| What you should do |
Could the listing below be returned exactly, with its pictures left out?

== Given data ==

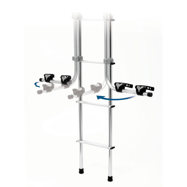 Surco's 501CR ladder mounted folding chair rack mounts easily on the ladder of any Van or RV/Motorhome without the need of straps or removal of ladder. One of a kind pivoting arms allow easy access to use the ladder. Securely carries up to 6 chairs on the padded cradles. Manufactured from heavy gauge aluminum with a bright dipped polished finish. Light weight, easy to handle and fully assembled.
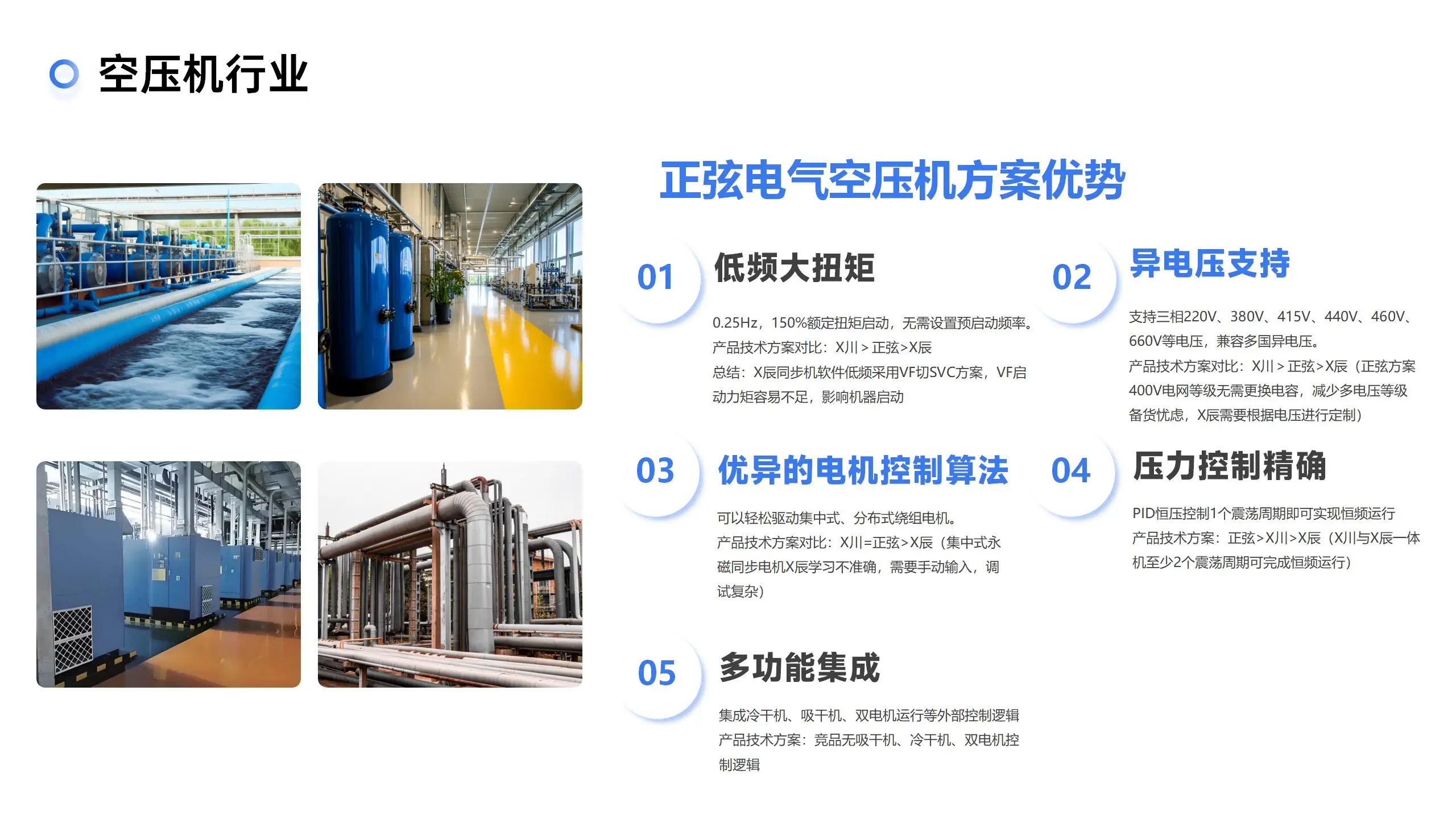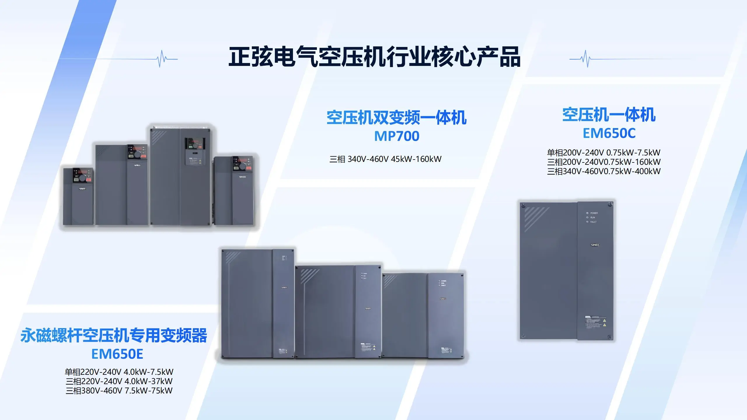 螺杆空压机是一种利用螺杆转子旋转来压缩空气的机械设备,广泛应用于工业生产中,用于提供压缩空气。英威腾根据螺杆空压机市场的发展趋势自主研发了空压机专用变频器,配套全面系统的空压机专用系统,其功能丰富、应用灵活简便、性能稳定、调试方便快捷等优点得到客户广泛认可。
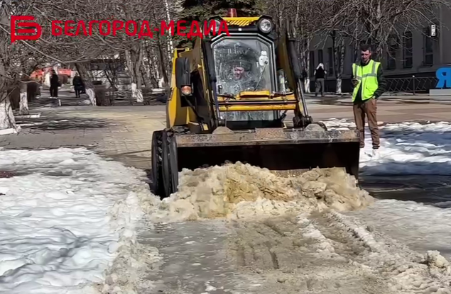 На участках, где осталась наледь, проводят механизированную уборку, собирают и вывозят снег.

===

| Exercise response |
 Surco's 501CR ladder mounted folding chair rack mounts easily on the ladder of any Van or RV/Motorhome without the need of straps or removal of ladder. One of a kind pivoting arms allow easy access to use the ladder. Securely carries up to 6 chairs on the padded cradles. Manufactured from heavy gauge aluminum with a bright dipped polished finish. Light weight, easy to handle and fully assembled.
 螺杆空压机是一种利用螺杆转子旋转来压缩空气的机械设备,广泛应用于工业生产中,用于提供压缩空气。英威腾根据螺杆空压机市场的发展趋势自主研发了空压机专用变频器,配套全面系统的空压机专用系统,其功能丰富、应用灵活简便、性能稳定、调试方便快捷等优点得到客户广泛认可。
 На участках, где осталась наледь, проводят механизированную уборку, собирают и вывозят снег.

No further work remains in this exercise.